Stored data
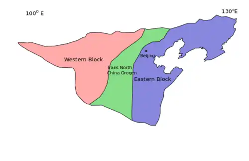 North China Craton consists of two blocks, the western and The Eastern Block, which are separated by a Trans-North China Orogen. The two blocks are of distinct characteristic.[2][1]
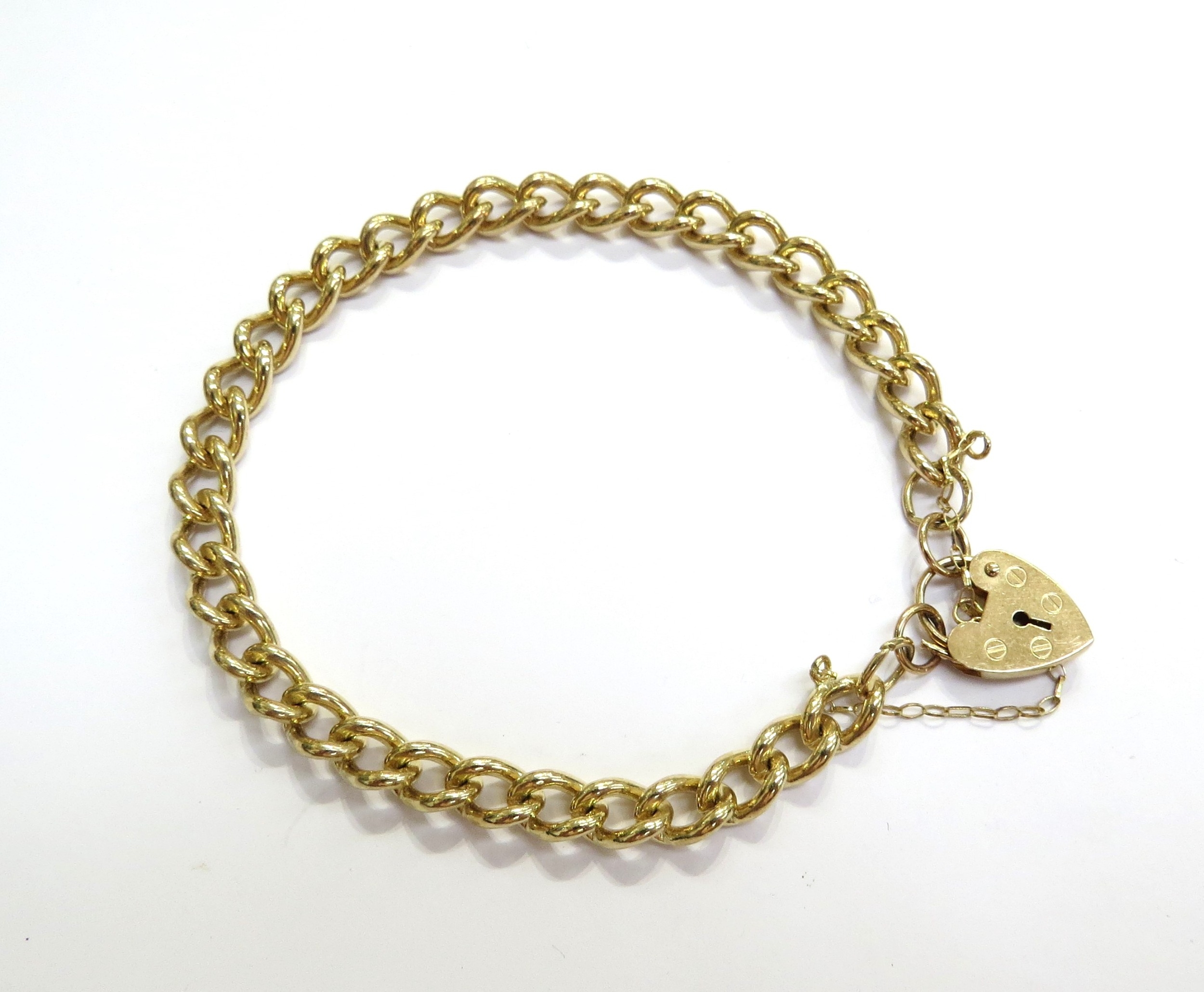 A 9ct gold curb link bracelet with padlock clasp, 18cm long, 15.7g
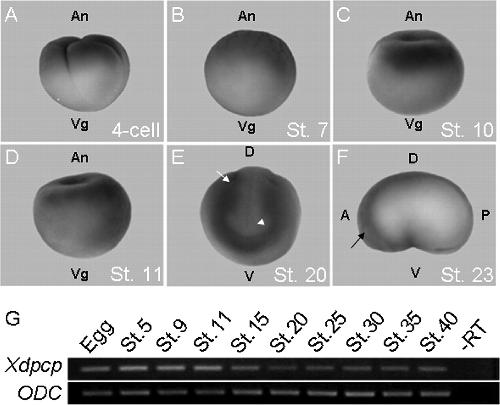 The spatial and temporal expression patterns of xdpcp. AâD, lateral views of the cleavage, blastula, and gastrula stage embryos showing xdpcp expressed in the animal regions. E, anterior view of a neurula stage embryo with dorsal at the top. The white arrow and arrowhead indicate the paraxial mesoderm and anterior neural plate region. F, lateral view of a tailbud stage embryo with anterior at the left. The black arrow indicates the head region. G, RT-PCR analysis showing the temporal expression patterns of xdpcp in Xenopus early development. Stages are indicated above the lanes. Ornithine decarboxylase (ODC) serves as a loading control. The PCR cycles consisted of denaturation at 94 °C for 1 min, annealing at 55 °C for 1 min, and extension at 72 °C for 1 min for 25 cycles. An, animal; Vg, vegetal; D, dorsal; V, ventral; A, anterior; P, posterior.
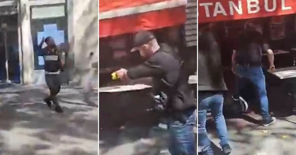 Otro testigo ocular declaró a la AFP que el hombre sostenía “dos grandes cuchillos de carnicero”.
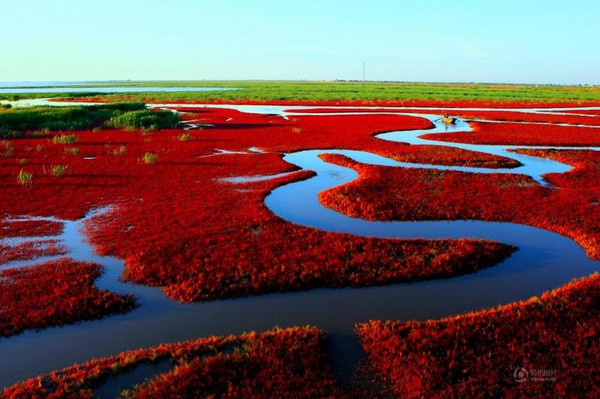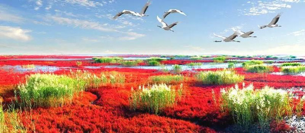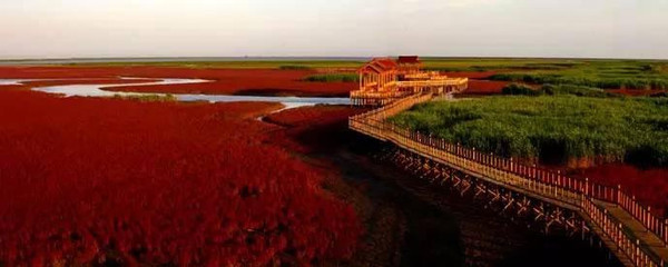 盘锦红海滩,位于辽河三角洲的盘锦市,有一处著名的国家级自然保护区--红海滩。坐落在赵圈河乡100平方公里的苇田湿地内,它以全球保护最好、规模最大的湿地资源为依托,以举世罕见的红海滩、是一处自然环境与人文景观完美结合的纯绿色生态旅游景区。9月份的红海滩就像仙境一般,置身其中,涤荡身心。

* WHAT THE TASK ASKS
Pictures excluded, repeat the records exactly from their opening line through the line containing "A 9ct gold curb".

* OUTPUT OF THE EXERCISE
 North China Craton consists of two blocks, the western and The Eastern Block, which are separated by a Trans-North China Orogen. The two blocks are of distinct characteristic.[2][1]
 A 9ct gold curb link bracelet with padlock clasp, 18cm long, 15.7g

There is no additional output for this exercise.